Wii Fit Plus remembers me. I gave Wii Fit a try when it first came out. So Plus knows it's been 585 days since my last workout. It knows I'm ten pounds heavier than back then. It remembers which exercises I've done. I remember it, too. Who could forget that dippy little balance board hopping around and talking to me like the paper clip from Microsoft Office? Will I ever get out of my head all those awful balance board minigames? My smarmy armless Mii hoola hooping? There's a reason I've been away from it for 600 days.

So why is Wii Fit Plus a welcome addition to my workout routine?

After the jump, how Wii Fit Plus fits in.

Fortunately, the new option for workout routines makes it easy to get around all the terrible stuff. Instead, I can focus on the good stuff. In this case, that means the yoga exercises. They're free of animated balance boards and dippy Miis. The presentation is simple and elegant, with an animated trainer guiding you through the poses. What's more, now that you can set up workout routines, I don't have to individually Wiimote through each pose one at a time. I can select a duration and Wii Fit Plus keeps the poses coming.

Unfortunately Wii Fit Plus still relies too much on keeping an annoying rot dot centered in a yellow circle. It does this to justify the balance board, which isn't very useful when it comes to yoga. I've learned to ignore the red dot, since the point of yoga is not to keep your ankles as steady as humanly possible, and that's pretty much all you're going to get from fixating on the red dot. Instead, the point of yoga is to hold a pose and control your breathing. I like the gentle wave sound effect that paces your breathing. The animated trainer does a good job of demonstrating and narrating the poses. The narrating is particularly important, since you're not always going to be facing the screen (by the way, EA Sports Active is fantastic at narrating exercises so you don't have to keep watching the screen).

I still have a hard time wading through all the presentation in Wii Fit Plus. It's not very intuitive. Ironically, it tries so hard to be player friendly that I can't figure it out. Workouts are labeled with nonsense categories like youth, form, or mind and body. Huh? I just want to get some exercise, not parse what Nintendo thinks each of these categories is supposed to mean. And each time I've tried to set up a routine, the annoying animated balance board seems to realize that I have no idea what I'm doing. It pops up and asks if I want to do a workout routine. Why, yes, annoying animated balance board, I do. Thank you for asking.

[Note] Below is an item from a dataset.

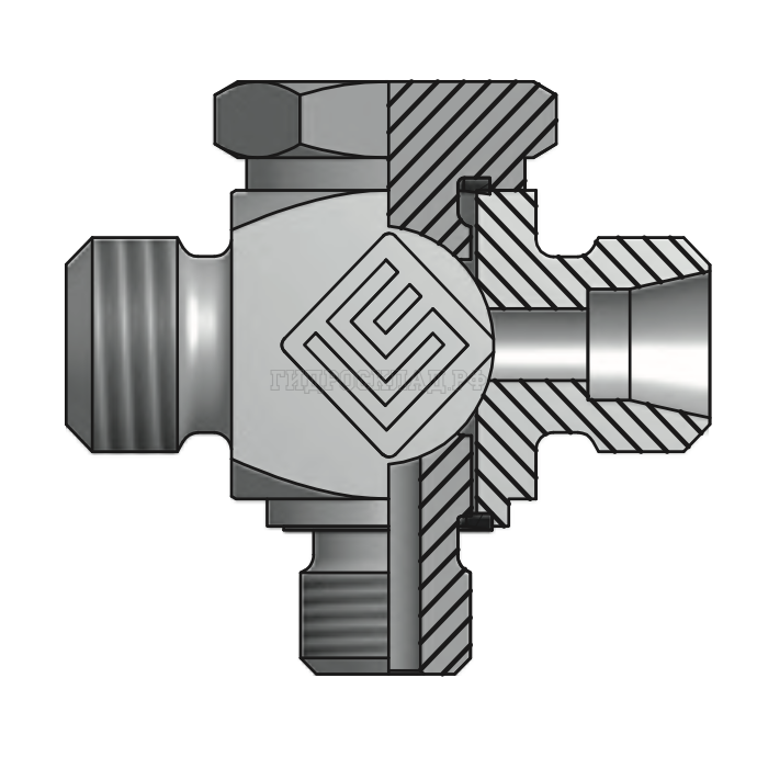 Главная страница→Каталог товаров→Контроль давления (Mini Press)→Фитинги→DKM→Адаптер ТС тройник P= 6 12x1.5 - BANJO(BSP)1/8" поворотный (Vitillo SPA)

So I've been setting durations for yoga workouts to lead into my regular EA Sports Active routines. The two games are a great compliment to each other. The yoga in Wii Fit Plus serves as a wonderful stretching warm up. It's a low-intensity buffer dividing the rest of my day from the moderately demanding stuff I'm about to do in EA Sports Active.

Plus, I get to hear the trainer chick say, "Let's do the Downward Facing Dog pose together". I wonder if she knows how dirty that sounds?

So one week down, five to go. And I'm really happy with the two games I've found.